Título: BC nega haver risco em déficits
Autor: Ribeiro , Alex
Fonte: Valor Econômico, 13/08/2008, Finanças, p. C8

Criticado por assistir inerte à volta dos déficits em conta corrente, o Banco Central divulgou ontem uma edição especial do relatório Focus na qual sustenta que a situação não preocupa. O déficit em conta corrente, afirma a autoridade monetária, está dentro da média histórica brasileira, encontra-se abaixo do apresentado por economias com classificação semelhante de risco pelas agências de "rating" e ajuda a bancar investimentos produtivos, não consumo.

O resultado em conta corrente teve uma virada de US$ 19,810 bilhões entre o primeiro semestre de 2007 e de 2008, passando de um superávit de US$ 2,413 bilhões para um déficit de US$ 17,402 bilhões. A projeção oficial do BC para 2008 é de déficit de US$ 21 bilhões - o primeiro desde 2002-, ou 1,49% do Produto Interno Bruto (PIB). O mercado financeiro projeta déficit de US$ 25 bilhões em 2008 e de US$ 33 bilhões em 2009.

Apesar da volta do déficit em conta corrente, diz o BC, os indicadores de vulnerabilidade externa melhoraram no primeiro semestre, em virtude do aumento das exportações, da redução das amortizações da dívida externa, da estabilidade da despesa com juros, do acúmulo de reservas internacionais e do crescimento da economia. A relação entre o serviço da dívida e as exportações, por exemplo, caiu de 32,4% para 22,5% entre dezembro de 2007 e junho de 2008. No mesmo período, a relação entre serviços da dívida e o PIB caiu de 4% para 2,9%; e a relação entre os juros da dívida passou de 9,5% para 8,7%. A razão entre as reserva internacionais e os serviços da dívida saltou de 3,5 para 5.

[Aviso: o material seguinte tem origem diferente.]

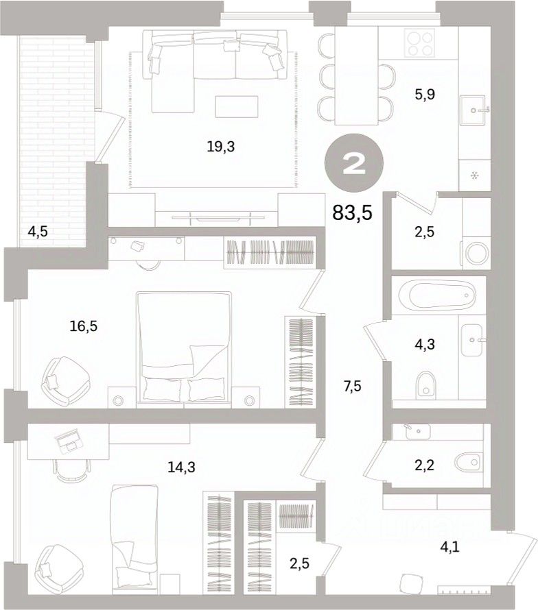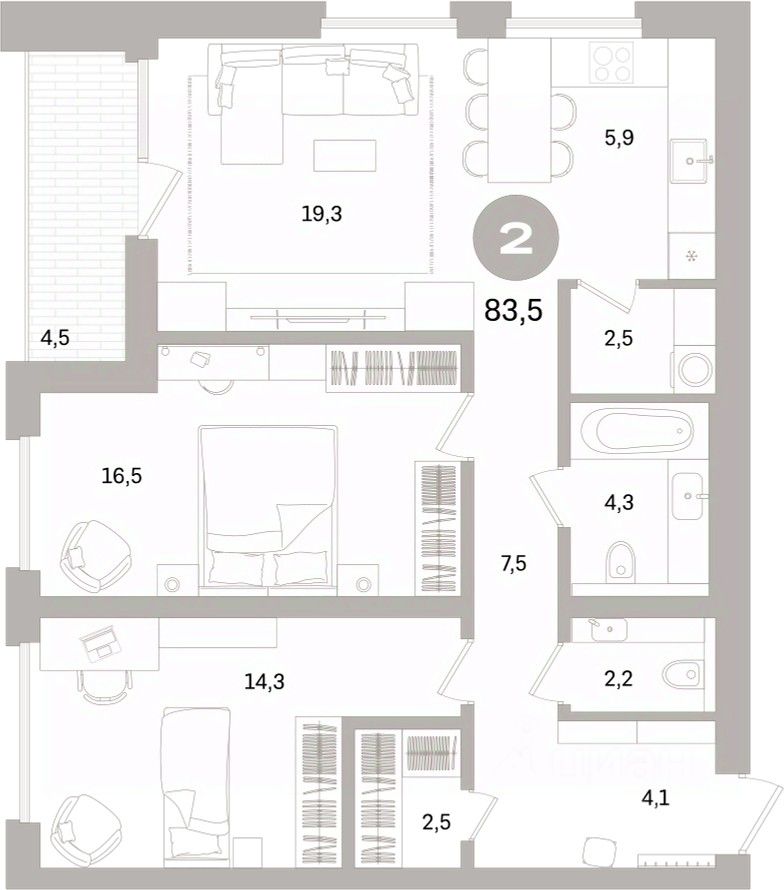Двухкомнатная квартира от застройщика с предчистовой отделкой в ЖК "Северный ветер" на 5 этаже. Общая площадь: 83.51 кв.м., жилая: 30.8 кв.м., площадь просторной кухни-столовой: 25.2 кв.м. Квартира угловая, очень светлая, естественная вентиляция при открытии окон. В квартире одна лоджия, один совмещенный и один раздельный санузел. Высота потолков 3.1 м.

O déficit em conta corrente de US$ 21 bilhões projetado pelo BC, que equivale a 1,49% do PIB, está abaixo da média dos resultados entre 1947 a 2007, que é de 1,75% do PIB, algo como US$ 25 bilhões, tomando como base o PIB atual.

O BC argumenta ainda que, comparativamente a economias com classificação de risco semelhante, o déficit em conta corrente é relativamente moderado. No relatório, são listados nove países emergentes com classificação pela Standard & Poor's igual ou pouco superior a do Brasil, que tem nota BBB-. Cinco apresentam déficits em conta corrente igual ou superior ao do Brasil: África do Sul (déficit de 8,8% do PIB), Croácia (-8,6%), Romênia (-8,5%), Hungria (-3,5%), Índia (-1,5%). Quatro têm resultados mais favoráveis: Peru (-1,1%) México (-0,1%), Tailândia (+3,6%) e Rússia (5,9%), este último ajudado por exportações de petróleo.

O relatório também defende a tese de que, hoje, o déficit em conta corrente é sustentável porque financia investimentos. Segundo o BC, a poupança nacional bruta manteve em 17,5%, no período de um ano encerrado no primeiro trimestre. O percentual não é muito diferente do observado em períodos imediatamente anteriores e está dentro da média entre 1947 e 1994 (17,8%) e acima da média de 1995 e 2008 (16,2%).

"Se déficits são acompanhados de redução na poupança nacional bruta, pode-se avaliar que o quadro é de maior dificuldade, pois esses déficits estariam financiando, em especial, o consumo, com custos elevados para o futuro", afirma o relatório. Foi o que ocorreu até 2002, segundo o BC. "De acordo com as estatísticas, o ritmo de crescimento da renda vem sendo semelhante ao do crescimento do consumo, e a expansão do investimento para o crescimento sustentado é financiada principalmente pelo resto do mundo, por meio dos déficits em conta corrente", diz o BC.

O relatório também argumenta que, ao contrário do passado, quando o déficit em conta corrente era financiado por empréstimos, hoje são investimentos diretos e em ações que ajudam a fechar as contas externas. A dívida externa respondia por 61,4% do passivo externo em 2002, percentual que caiu para 20,6% em 2007.